Rohin Dharmakumar is a former Forbes journalist who set up The Ken along with a pair of former colleagues. The site runs hard against the click-driven grain, with a model I love: publishing just one story a day, distinguished by an emphasis on deeply reported longform work on business, policy, healthcare and more. The site has a neat formula for growing its audience, publishing a daily email with sharp, voicy summaries of the day’s story, and giving away one story a week to subscribers. This list, which numbers over 75,000, is dominated by university students who will soon graduate and be able to afford a subscription.

 Frontier Myanmar – Myanmar

During a roundtable organised by Facebook, I sat across from a lean, bald man named Sonny Swe, who spoke engagingly about his startup magazine, Frontier Myanmar. It was only later I learned that Swe spent eight years in prison for his work at the Myanmar Times, which was declared to have retrospectively broken censorship laws. “I had to keep hope,” he said of his time inside. “I wanted to get out and do it again.” Do it again! After nearly a decade in prison! He was the spirit of the new Asian journalism personified, hopelessly committed to his work regardless of the personal hardship he endured.

 Magdalene – Indonesia

A strongly feminist publication operating in yet another profoundly difficult environment – more than 80% of Indonesian MPs are men, and LGBTQ+ have few rights and legal protections.

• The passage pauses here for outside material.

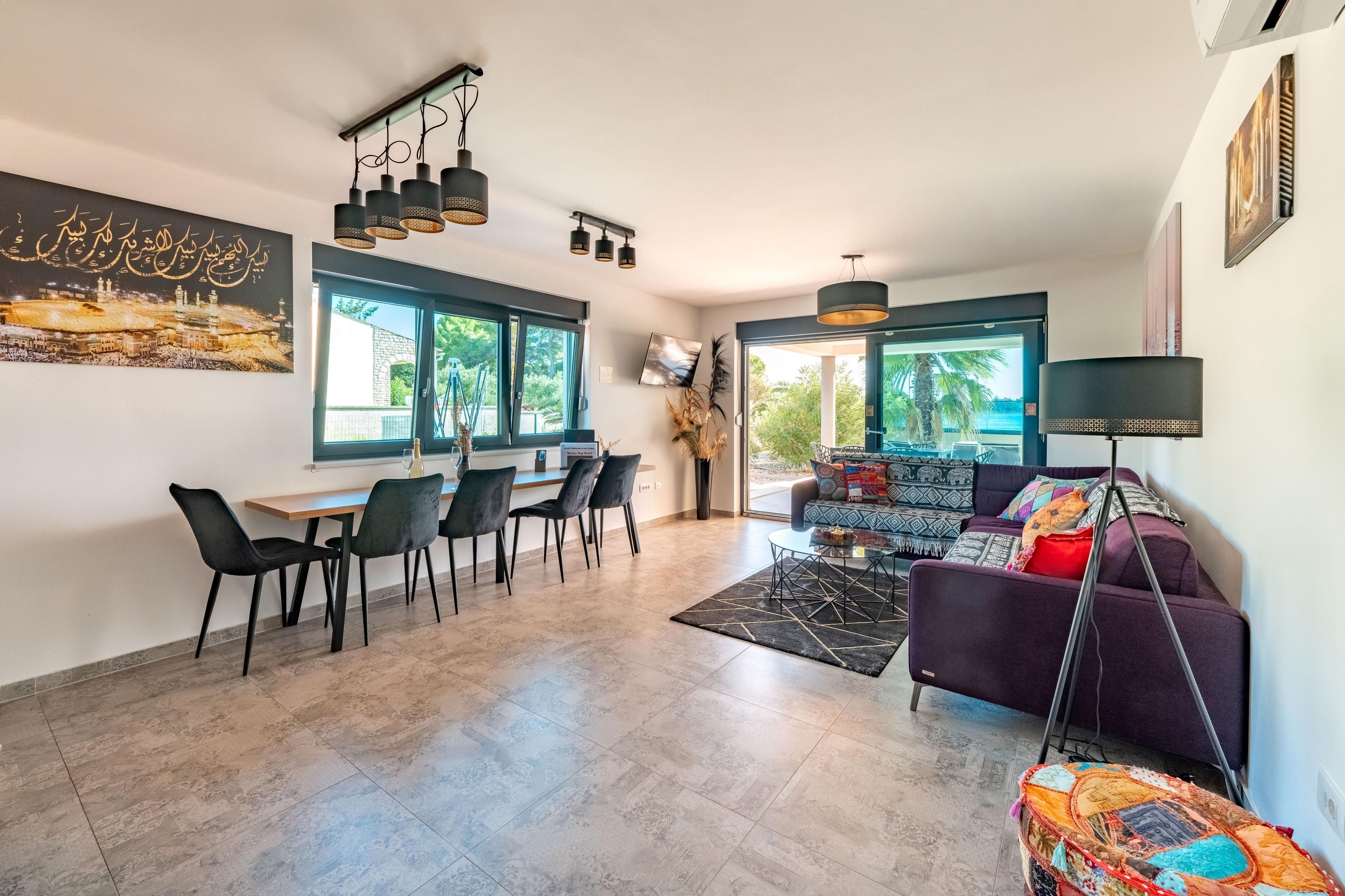 Designer Apartment mit Designerausstattung von Natuzzi, mit eigenem Garten direkt am Meer mit feinkörnigem Strand, welcher flach abfallend ist.

Magdalene was reprented by its founder and editor-in-chief Devi Asmarani. It’s funded by a mixture of advertising, live events and merch, along with branded content – a topic Devi and I have exchanged emails on subsequently. It emphasises “the voices of feminists, pluralists and progressives, or just those who are not afraid to be different, regardless of their genders, colors, or sexual preferences.”

 New Naratif – Singapore

No one impressed me more than New Naratif’s Kirsten Han, due to both the complexity of her job and the creativity of New Naratif’s solutions to its many challenges. The complexity comes in part from geography, with New Naratif covering a vast region and publishing in five languages. It’s compounded by having been banned in its home country within months of launching, and its founder being hauled before a select committee. Yet rather than be cowed by the scale of what they face, New Naratif seems energised.

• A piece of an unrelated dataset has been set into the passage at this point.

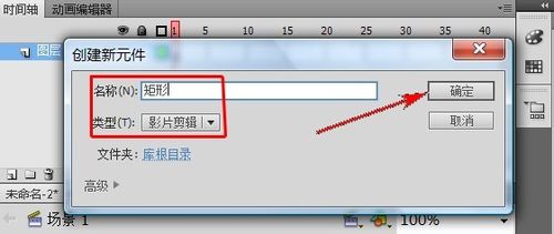 3、按“Ctrl+F8”新建一元件,名称为“矩形”,类型为“影片剪辑”,单击“确定”按钮。
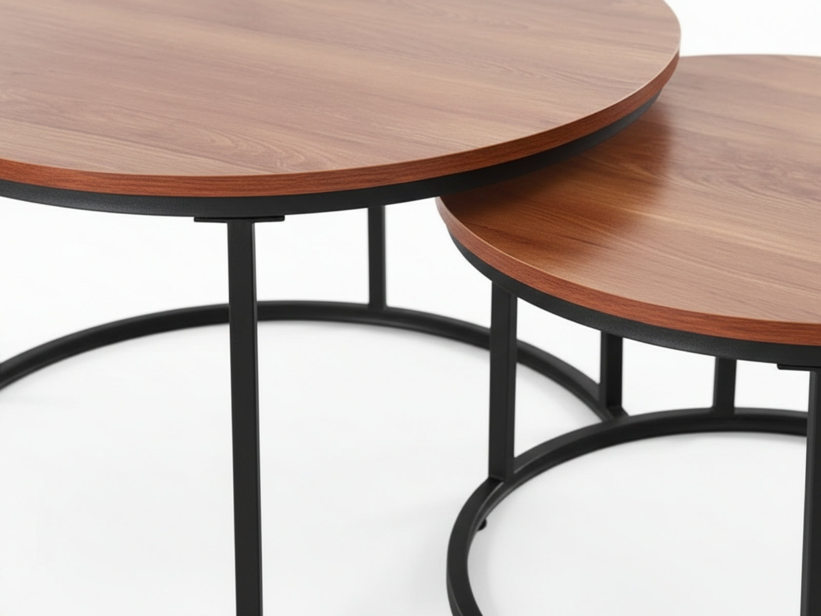 Add modern style and function to your space with this stackable Nesting Coffee Table set. The walnut color tabletop made of 1.6 cm MDF panel and the black metal frame bring a sleek look. Use them together to save space or apart for extra surface area. Strong, simple, and stylish—perfect for any modern living room.

The site is funded by members, and operates with an innovative hard paywall – the site requires a login, but members can share links with whomever they choose. Those reading see a banner atop the site letting them know the name of the individual who funded the link they’re reading. It has a relationship with its readers like no one else in media, with its audience translating its stories and transcribing its podcasts, bringing food to the office on late nights, and handing over cash in brown paper bags due to the risks of being associated with the organisation. It’s an example of the extraordinary level of innovation going on in the region, despite operating in circumstances unimaginable to us in New Zealand.